Yah, one way people undervolt is to let oc scanner in afterburner run and generate a curve. Then they know what frequency is stable at each voltage. So you kind flatten out from whatever frequency you have as your target. I would not be surprised if you can push things a little bit more manually, but it's a good starting point. You should be able to do the same with the power limit adjusted up or down. This nvidia tool looks like it can do the same thing, but if it requires geforce experience I'm not sure that I want it.

techuse · Sep 7, 2020

Cyan said:
to sum some things up.

- CUDA Cores: int32 and fp32 operations are indifferently performed by a CUDA core. That's HUGE!! as shown by the graph below --no specific cuda cores for int32 and fp32 operations.

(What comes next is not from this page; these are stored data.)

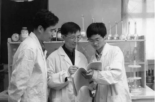 1983年,王方定(中)指导硕士生孙建国研究工作
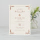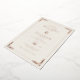 This elegant wedding invitation features a classic rectangular layout with a vertical orientation, centered text, and decorative floral motifs in the corners. The soft cream background is complemented by gold accents, creating a sophisticated and warm atmosphere. The design incorporates ornate flourishes and botanical elements that frame the central text, enhancing its theme of celebration and elegance. With a mix of serif fonts, it balances formality and readability, making it perfect for a refined wedding event.
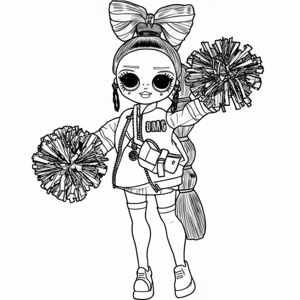 Una bambola LOL cheerleader con pon pon, perfetta per colori vivaci e look sportivo.
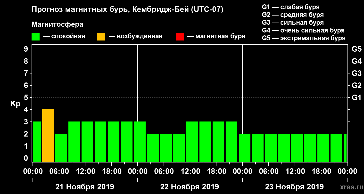 Прогноз магнитных бурь в Кембридж-Бейе — 21 ноября 2019 года
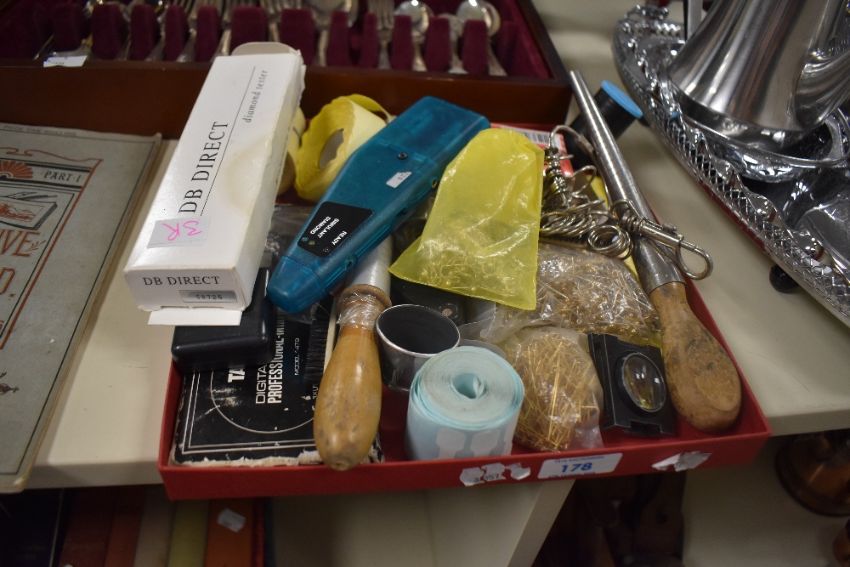 An assortment of jewellery making and gemmology items, including loupes, ring sizers, ring size measurement rings, scales and a DB Direct diamond tester, etc
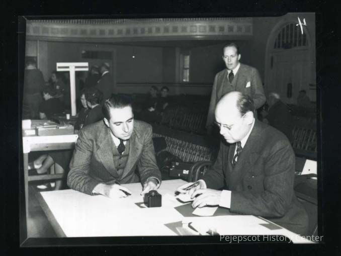 Two men sit at a table while another looks on at the draft registration of 1940.

Means: no idle int32 or fp32 cores because cuda cores either perform floating point or integer operations. (games perform around 20-30% operations in int32 format)

- Where you will notice the generational leap is in the fact that new GPUs perform muh better raytracing denoising.

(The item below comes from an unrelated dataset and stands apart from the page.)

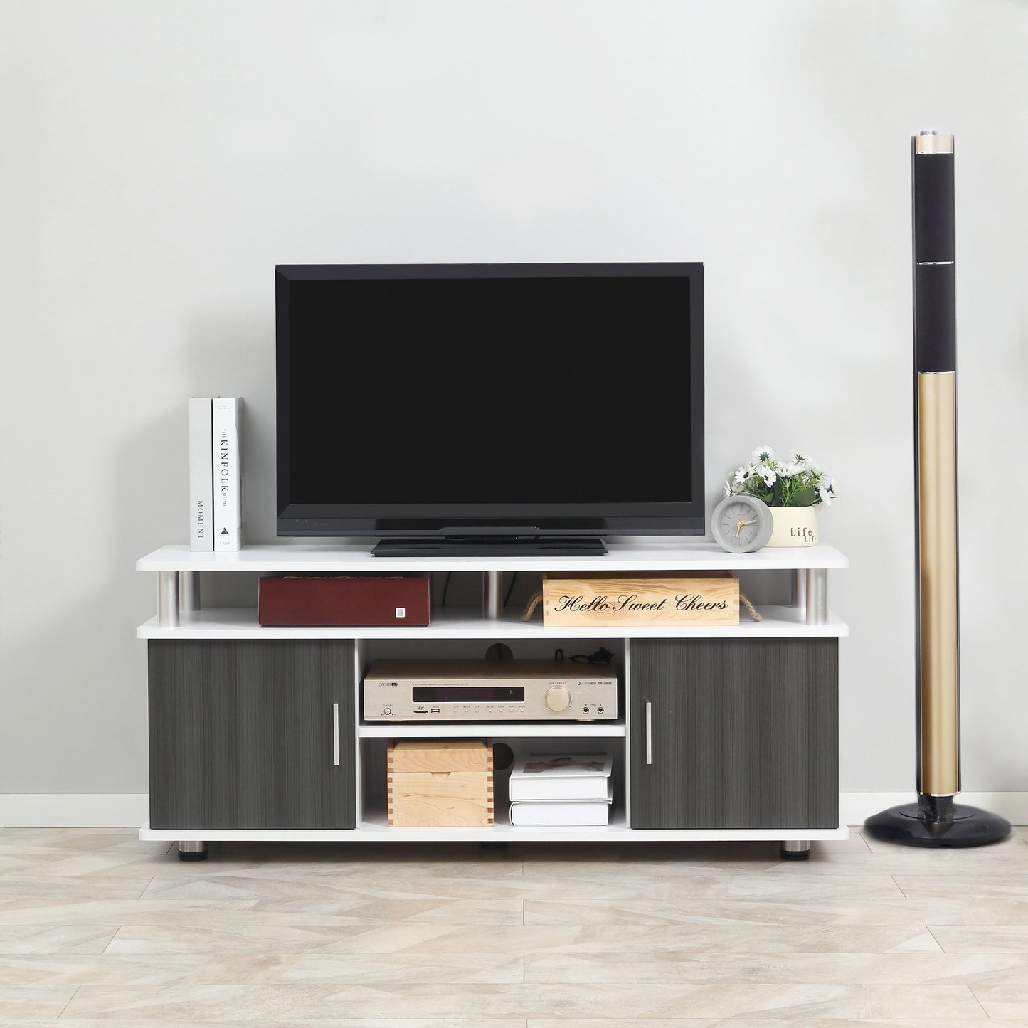- STYLISH DESIGN: The clean lines of this TV stand cabinet and the fresh colour and wood grain texture with silver metal accents makes this piece stand out in any room

- IMO, where series 3000 destroys previous generations is in RT games, which is the way to go.

- The 3070 performs as the 2080Ti despite having 20 teraflops vs 13 teraflops. This shows how different they are now -this imho means again, that where they truly shine is at RT games.

Not true. Supported modes are only 128+0 or 64+64.

CarstenS · Sep 7, 2020

techuse said:
Not true. Supported modes are only 128+0 or 64+64.

Not sure about that. Isn't it really per SM partition? It should be at least. 32+0 or 16+16. I'm splitting hairs like this, because that's leaving the pure FP32 block idle only when you have a 1:2 ratio of FP vs. INT (and underutilized at anything less than 1:1).

In other news, and because it was mentioned earlier: This makes paper-TFlops IMO actually more comparable between Nvidia and AMD('s current gen), since now INT-ops go against the TFlops budget on both sides, where as they were kind of free on Nvidia with Turing, making it overperform wrt to its TFlops rating.

trinibwoy · Sep 7, 2020

Cyan said:

This picture is inaccurate. The GTX 1080 should be twice as fast as shown. It’s execution units are 32-wide vs the 16-wide units in Ampere and Turing.

agent_x007 · Sep 7, 2020

Scott_Arm said:
Yah, one way people undervolt is to let oc scanner in afterburner run and generate a curve. Then they know what frequency is stable at each voltage. So you kind flatten out from whatever frequency you have as your target. I would not be surprised if you can push things a little bit more manually, but it's a good starting point. You should be able to do the same with the power limit adjusted up or down.

I do it like this :

Main problem with TDP slider is inefficiency (since it doesn't throttle voltage as much as it can [for GPU to be stable], performance drop is also higher than it should be under maximum load).

agent_x007 · Sep 7, 2020

CarstenS said:
Not sure about that. Isn't it really per SM partition? It should be at least. 32+0 or 16+16. I'm splitting hairs like this, because that's leaving the pure FP32 block idle only when you have a 1:2 ratio of FP vs. INT (and underutilized at anything less than 1:1).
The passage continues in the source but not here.